Paper full-text available at: https://www.cell.com/iscience/fulltext/S2589-0042(22)01331-1

Choice quotes:

> gorillas were not observed visiting any of the five Ficus locations on the two days prior to the cofeeding event and visitation to figs was rare on the days after cofeeding. During ape follows, we also observed the gorilla group immediately change their travel direction to head toward chimpanzee vocalizations originating from the canopy of Ficus with ripe figs

> Affiliative interactions included play with individuals of both species engaged in chasing, wrestling, play biting, and play hitting.

> We also observed gesturing between species to initiate social interactions. Intriguingly, chimpanzees exhibited chest-beating which is a behavior characteristic of gorillas.

> In contrast to predictions of competition between species, nearly all interspecific associations were tolerant or affiliative. Aggression was observed between gorillas and chimpanzees, but did not escalate to killing as reported from Loango, Gabon (Southern et al., 2021).


Of course such similar animal cohabiting in the same area will have "social relationships". Some birds have social relationship with mammals, as evidenced in many human to bird relationships. After many years observing corvids seems to me that carrion crows and magpies do have something that could be called social relationship.

Don't want to be dismissive of the merits of this study, but to my eyes this is another "water is wet" paper.
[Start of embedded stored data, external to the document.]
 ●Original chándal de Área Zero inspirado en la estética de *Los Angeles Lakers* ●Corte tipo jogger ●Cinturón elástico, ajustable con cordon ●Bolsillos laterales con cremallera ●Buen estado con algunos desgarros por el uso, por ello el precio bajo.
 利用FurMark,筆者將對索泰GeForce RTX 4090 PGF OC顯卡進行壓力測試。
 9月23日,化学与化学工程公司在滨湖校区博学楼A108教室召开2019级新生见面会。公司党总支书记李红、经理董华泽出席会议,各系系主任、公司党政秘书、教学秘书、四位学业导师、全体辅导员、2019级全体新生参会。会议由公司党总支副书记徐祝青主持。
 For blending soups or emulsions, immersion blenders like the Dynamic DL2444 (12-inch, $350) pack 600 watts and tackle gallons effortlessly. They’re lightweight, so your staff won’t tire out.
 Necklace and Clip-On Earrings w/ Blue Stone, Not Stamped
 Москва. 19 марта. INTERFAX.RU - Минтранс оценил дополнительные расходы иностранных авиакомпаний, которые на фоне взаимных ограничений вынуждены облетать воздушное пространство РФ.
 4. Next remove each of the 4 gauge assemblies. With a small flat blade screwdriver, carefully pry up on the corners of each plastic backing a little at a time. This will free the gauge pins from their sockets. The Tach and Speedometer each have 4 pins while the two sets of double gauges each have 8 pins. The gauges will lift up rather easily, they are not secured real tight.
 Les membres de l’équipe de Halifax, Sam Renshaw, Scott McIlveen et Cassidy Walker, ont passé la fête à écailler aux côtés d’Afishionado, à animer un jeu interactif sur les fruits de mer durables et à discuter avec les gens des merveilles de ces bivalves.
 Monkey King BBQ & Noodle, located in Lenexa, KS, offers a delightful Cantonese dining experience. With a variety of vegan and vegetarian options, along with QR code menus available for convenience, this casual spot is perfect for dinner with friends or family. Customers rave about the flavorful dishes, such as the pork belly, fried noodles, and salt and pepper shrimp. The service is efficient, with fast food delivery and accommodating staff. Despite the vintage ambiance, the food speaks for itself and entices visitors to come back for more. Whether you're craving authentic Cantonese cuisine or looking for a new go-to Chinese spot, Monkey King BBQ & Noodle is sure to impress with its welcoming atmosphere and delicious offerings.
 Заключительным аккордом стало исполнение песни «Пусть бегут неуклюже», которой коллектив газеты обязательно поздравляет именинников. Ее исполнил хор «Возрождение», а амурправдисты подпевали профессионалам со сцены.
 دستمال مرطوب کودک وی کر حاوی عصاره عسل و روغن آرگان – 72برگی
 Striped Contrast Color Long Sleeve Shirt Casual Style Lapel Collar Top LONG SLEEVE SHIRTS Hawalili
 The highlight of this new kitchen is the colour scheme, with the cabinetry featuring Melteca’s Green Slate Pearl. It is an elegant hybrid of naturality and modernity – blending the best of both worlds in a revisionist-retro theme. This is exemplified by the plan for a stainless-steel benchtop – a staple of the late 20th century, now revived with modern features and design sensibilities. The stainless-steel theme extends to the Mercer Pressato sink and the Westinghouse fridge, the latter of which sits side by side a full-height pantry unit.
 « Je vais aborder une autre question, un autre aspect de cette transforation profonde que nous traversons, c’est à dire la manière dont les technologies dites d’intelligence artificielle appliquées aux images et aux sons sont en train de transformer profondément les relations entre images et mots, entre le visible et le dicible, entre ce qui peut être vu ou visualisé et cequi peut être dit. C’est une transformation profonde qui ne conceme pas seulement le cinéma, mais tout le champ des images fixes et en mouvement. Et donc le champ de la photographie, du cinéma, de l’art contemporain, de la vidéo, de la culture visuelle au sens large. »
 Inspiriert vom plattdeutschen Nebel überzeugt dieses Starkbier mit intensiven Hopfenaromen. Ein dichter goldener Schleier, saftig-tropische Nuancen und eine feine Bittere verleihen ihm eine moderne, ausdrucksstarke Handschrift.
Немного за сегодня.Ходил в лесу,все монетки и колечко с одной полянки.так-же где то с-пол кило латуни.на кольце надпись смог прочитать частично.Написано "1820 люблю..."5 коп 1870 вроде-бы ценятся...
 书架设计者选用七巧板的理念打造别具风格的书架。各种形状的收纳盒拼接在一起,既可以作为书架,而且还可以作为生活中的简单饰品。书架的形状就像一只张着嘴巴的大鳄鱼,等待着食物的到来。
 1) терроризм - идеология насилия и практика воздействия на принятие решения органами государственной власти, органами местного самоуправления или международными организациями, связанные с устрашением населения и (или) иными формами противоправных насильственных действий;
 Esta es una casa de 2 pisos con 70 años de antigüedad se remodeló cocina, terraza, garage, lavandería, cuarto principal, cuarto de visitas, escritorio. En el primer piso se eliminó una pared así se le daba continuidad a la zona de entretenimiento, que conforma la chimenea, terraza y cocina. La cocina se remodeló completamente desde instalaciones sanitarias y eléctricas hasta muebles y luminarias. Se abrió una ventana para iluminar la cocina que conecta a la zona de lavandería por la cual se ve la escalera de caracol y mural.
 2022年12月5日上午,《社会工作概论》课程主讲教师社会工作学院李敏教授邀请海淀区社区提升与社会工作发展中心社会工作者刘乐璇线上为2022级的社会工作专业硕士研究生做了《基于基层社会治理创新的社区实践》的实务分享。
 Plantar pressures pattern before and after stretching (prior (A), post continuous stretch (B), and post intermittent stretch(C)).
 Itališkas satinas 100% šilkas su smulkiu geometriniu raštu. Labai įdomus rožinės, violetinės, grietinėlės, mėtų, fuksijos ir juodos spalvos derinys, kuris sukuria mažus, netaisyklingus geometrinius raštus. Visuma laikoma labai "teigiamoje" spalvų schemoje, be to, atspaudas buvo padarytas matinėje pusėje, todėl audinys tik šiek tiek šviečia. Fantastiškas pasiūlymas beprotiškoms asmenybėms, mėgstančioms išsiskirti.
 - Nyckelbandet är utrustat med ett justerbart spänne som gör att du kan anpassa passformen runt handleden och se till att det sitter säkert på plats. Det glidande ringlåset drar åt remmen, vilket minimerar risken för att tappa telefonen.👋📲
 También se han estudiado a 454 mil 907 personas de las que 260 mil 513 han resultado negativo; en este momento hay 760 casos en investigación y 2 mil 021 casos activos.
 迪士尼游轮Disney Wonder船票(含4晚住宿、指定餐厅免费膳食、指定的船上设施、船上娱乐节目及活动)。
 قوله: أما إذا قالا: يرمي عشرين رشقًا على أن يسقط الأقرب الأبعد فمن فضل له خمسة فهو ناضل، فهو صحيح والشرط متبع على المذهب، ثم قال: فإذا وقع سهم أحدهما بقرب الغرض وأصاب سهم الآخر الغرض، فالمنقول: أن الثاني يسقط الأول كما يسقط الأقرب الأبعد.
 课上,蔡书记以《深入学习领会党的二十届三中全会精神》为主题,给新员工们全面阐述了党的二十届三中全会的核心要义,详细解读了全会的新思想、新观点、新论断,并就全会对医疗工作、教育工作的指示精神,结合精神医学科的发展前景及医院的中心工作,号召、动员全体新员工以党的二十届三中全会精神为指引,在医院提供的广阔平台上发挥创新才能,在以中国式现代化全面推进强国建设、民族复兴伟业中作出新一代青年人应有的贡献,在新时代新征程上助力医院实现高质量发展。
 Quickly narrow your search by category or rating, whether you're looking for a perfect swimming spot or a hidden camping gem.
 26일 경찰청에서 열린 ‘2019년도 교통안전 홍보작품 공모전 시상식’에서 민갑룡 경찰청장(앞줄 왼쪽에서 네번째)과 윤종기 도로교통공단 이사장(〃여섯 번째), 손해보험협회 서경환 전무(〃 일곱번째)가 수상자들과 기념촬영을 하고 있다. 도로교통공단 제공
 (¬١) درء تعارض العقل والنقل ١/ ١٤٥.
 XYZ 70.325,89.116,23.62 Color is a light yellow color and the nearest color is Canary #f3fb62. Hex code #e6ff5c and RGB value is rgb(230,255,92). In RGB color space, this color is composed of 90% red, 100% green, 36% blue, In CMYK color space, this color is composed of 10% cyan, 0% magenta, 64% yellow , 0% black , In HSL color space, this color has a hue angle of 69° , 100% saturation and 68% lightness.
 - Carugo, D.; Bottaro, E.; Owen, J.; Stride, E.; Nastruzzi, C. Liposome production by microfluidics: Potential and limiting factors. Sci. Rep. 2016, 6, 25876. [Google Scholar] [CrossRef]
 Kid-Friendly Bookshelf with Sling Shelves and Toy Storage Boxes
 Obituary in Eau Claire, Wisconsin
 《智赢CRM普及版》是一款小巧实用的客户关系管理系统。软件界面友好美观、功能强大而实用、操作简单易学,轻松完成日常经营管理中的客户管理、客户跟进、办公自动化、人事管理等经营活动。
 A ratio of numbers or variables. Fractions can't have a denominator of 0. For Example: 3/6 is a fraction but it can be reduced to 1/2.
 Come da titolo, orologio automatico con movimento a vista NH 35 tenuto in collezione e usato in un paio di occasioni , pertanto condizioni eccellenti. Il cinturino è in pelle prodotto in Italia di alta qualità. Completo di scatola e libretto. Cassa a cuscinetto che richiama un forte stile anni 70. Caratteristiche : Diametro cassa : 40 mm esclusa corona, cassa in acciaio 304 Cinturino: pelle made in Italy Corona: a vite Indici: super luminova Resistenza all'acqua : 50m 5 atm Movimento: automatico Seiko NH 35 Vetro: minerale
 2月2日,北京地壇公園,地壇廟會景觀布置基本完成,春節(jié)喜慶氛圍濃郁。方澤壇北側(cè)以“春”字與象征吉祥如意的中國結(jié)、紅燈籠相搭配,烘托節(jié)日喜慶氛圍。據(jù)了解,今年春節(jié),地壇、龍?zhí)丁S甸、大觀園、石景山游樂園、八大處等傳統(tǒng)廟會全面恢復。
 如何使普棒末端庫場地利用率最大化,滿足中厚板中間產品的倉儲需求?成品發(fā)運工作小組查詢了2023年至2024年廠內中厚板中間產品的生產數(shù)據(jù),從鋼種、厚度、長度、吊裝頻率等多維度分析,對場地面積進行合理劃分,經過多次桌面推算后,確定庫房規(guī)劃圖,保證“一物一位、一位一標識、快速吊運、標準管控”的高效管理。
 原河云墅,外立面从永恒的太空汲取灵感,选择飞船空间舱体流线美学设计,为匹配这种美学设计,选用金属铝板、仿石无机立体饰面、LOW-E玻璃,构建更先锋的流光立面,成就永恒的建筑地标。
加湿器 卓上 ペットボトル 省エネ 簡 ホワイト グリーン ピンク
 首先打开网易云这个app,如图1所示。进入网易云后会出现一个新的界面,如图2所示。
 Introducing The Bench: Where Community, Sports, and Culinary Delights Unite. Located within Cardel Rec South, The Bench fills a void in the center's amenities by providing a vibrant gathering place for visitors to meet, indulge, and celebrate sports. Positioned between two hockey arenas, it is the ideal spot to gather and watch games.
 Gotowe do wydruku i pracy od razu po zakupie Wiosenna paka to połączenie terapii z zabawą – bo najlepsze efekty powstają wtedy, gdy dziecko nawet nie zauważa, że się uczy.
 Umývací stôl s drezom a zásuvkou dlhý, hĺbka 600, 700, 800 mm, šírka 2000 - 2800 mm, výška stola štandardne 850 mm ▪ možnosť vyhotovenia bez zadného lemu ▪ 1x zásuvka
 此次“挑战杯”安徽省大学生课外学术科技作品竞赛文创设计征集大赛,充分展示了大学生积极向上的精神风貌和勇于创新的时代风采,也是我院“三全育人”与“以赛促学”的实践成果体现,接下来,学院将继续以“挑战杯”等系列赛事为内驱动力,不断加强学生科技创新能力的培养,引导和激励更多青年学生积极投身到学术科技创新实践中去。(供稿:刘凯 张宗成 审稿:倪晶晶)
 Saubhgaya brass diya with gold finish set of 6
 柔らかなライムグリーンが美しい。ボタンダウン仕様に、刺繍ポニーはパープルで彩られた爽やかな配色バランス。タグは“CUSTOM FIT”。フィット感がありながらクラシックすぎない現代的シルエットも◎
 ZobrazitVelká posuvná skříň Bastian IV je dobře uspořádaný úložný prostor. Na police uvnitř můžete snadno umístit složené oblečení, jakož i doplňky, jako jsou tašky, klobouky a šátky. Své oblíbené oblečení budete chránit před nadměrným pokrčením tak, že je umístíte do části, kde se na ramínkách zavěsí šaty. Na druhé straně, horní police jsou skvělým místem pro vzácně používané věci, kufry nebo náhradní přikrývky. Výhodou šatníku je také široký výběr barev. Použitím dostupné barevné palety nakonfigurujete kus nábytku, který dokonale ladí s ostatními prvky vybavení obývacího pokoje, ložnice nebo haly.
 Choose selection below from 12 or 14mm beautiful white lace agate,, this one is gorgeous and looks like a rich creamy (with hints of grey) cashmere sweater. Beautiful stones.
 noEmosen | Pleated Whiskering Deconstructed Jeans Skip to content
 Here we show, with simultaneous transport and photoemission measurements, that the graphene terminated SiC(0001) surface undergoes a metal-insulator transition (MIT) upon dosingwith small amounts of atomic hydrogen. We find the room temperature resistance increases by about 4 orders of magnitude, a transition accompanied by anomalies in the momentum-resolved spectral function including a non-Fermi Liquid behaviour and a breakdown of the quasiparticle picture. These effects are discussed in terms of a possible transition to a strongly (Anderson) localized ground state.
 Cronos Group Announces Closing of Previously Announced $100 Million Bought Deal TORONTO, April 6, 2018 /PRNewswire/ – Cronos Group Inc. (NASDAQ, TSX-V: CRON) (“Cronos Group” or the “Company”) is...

We keep insisting in this anthropocentric approach to understanding the world and it leads to plenty of biases.

You are an animal, you have social relationships with other species (your dog, ie). Asume others animals, like you, do the same.

PS: Wrote after some late night wine, excuses.


As always, science is just as much about confirming null hypotheses as it is about disproving them. Either way can be equally good science. Having scientific evidence that X happens is much more valuable than having a hypothesis that X happens. And obviously evidence almost never conveys just a single bit of information. This paper is about how and when and where and to what degree X was observed to happen, not only whether X did happen.


Sadly, real-world Science is almost never about confirming null hypotheses. There is an enormous amount of research that never gets published for this reason; because the authors had some interesting idea and it just happened to not pan out.


No it's not obvious at all. Chimp tribes kill each other, ditto human tribes, and many other species.

Added: to me it's about the last thing I'd have expected.


I dunno, among humans, it seems like the most intense historical rivalries are usually among tribes that are rather similar.


I agree it's obvious that they will start to relate to each other if they cohabitate, and in that sense it's "water is wet". But the details of how exactly they relate might still be cool.


I always remember the "World War Chimp": https://www.youtube.com/watch?v=rLn9GwHoUy0


I'm not very surprised at the finding, but what if they are only interacting due to shrinking natural habitats, rather than by choice? i.e. wildlife did not have to co-exist as much before they were restricted to National Parks?

I think everyone realizes the significant of resources like food and water, but what about just "space" itself as a resource?


My friend works in that exact lab as an on campus job. He's been telling me about his job watching gorillas, always thought it was really cool.